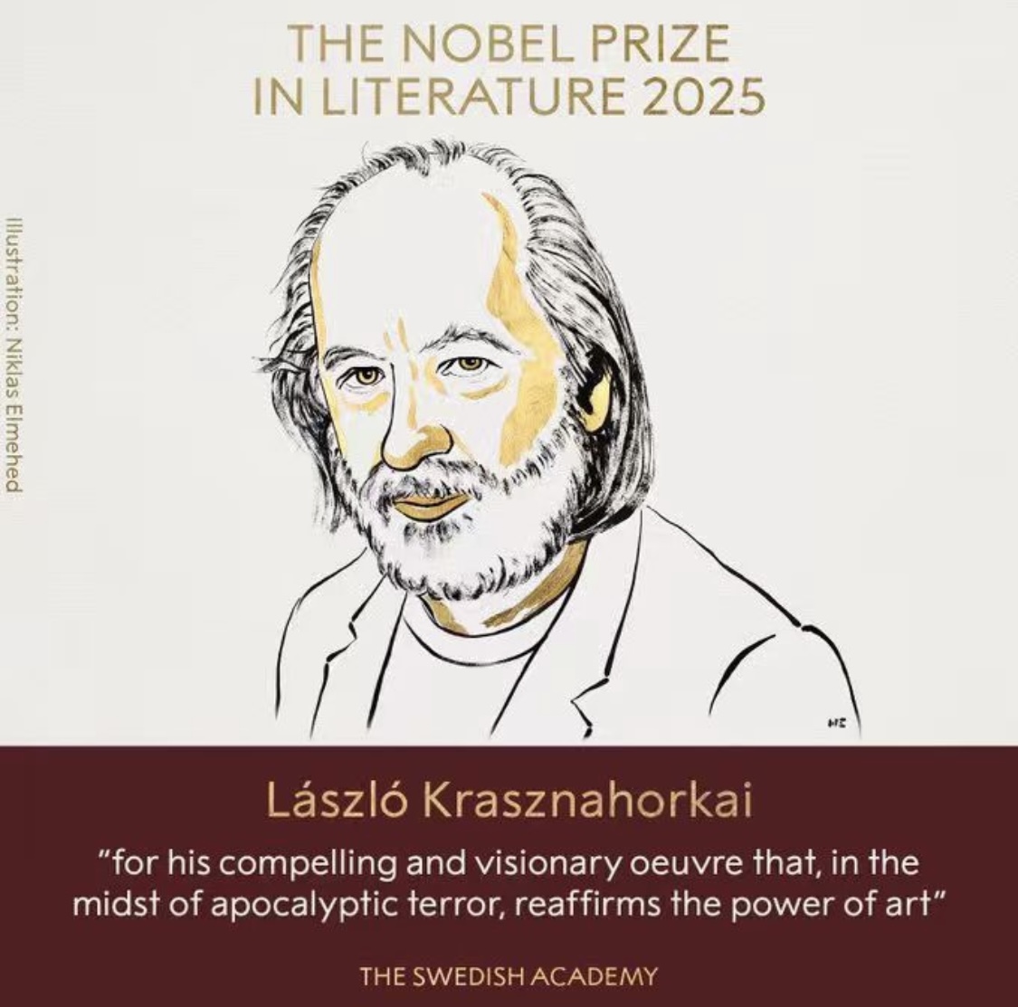 北京时间10月9日19时许,2025年诺贝尔文学奖揭晓,匈牙利作家拉斯洛·卡撒兹纳霍凯(László Krasznahorkai)凭借其“引人入胜且富有远见的作品”获奖,评委会特别强调其作品“在世界末日的恐怖中,再次证明了艺术的力量”。
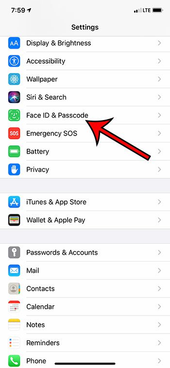 Stap 2: Scroll naar beneden en kies deFace ID en toegangscodeoptie.
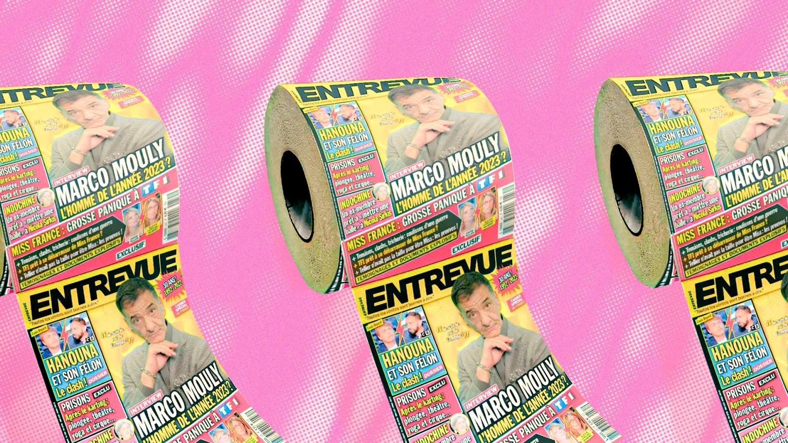On apprend que Geneviève de Fontenay n’était “pas au courant” de cette information, et la présidente du jury de Miss Lyon lors de l’élection de Sylvie Tellier lâche cette phrase vaguement complotiste : “Si Sylvie Tellier est en place, c’est qu’on la mise en place…”. Entrevue consacre ensuite SEPT PAGES (!!) à la défense de Cyril Hanouna face à Louis Boyard, qu’il appelle son “félon”, un mot peu usité dans le milieu journalistique et pour cause : connoté négativement, celui-ci signifie “empreint de déloyauté”. On est vite mal à l’aise devant une telle véhémence envers un type dont le seul crime a été de critiquer Bolloré à l’antenne. Changement de décor ensuite avec un mauvais sosie de Philippe Vandel qui vient nous vanter les services de chaînes gratuites qui permettent par exemple de regarder l’intégralité des Razmokets ou Les Filles d’à Côté diffusés non-stop :
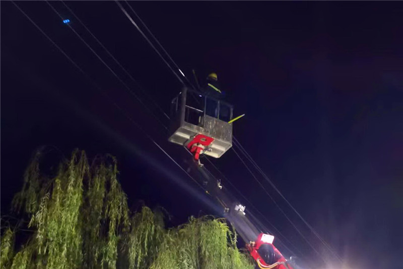 故障發(fā)生后,國網(wǎng)周口供電公司立即啟動惡劣天氣應(yīng)急預(yù)案,并通過手機短信傳達(dá)到每位職工。雨勢稍微放緩后,各縣市供電公司迅速派出應(yīng)急搶修分隊,出動搶修人員1389人,搶修車輛303輛。在雨中,大家分工協(xié)作,爭分奪秒完成每一道工序,一部分搶修人員排查線路,消除安全隱患,防止次生災(zāi)害;一部分搶修人員快速投入到搶修工作中。

# # #

# PROBLEM REQUIREMENTS
Send back every line of the listing exactly. Omit the images.

# SOLUTION BELOW
 北京时间10月9日19时许,2025年诺贝尔文学奖揭晓,匈牙利作家拉斯洛·卡撒兹纳霍凯(László Krasznahorkai)凭借其“引人入胜且富有远见的作品”获奖,评委会特别强调其作品“在世界末日的恐怖中,再次证明了艺术的力量”。
 Stap 2: Scroll naar beneden en kies deFace ID en toegangscodeoptie.
On apprend que Geneviève de Fontenay n’était “pas au courant” de cette information, et la présidente du jury de Miss Lyon lors de l’élection de Sylvie Tellier lâche cette phrase vaguement complotiste : “Si Sylvie Tellier est en place, c’est qu’on la mise en place…”. Entrevue consacre ensuite SEPT PAGES (!!) à la défense de Cyril Hanouna face à Louis Boyard, qu’il appelle son “félon”, un mot peu usité dans le milieu journalistique et pour cause : connoté négativement, celui-ci signifie “empreint de déloyauté”. On est vite mal à l’aise devant une telle véhémence envers un type dont le seul crime a été de critiquer Bolloré à l’antenne. Changement de décor ensuite avec un mauvais sosie de Philippe Vandel qui vient nous vanter les services de chaînes gratuites qui permettent par exemple de regarder l’intégralité des Razmokets ou Les Filles d’à Côté diffusés non-stop :
 故障發(fā)生后,國網(wǎng)周口供電公司立即啟動惡劣天氣應(yīng)急預(yù)案,并通過手機短信傳達(dá)到每位職工。雨勢稍微放緩后,各縣市供電公司迅速派出應(yīng)急搶修分隊,出動搶修人員1389人,搶修車輛303輛。在雨中,大家分工協(xié)作,爭分奪秒完成每一道工序,一部分搶修人員排查線路,消除安全隱患,防止次生災(zāi)害;一部分搶修人員快速投入到搶修工作中。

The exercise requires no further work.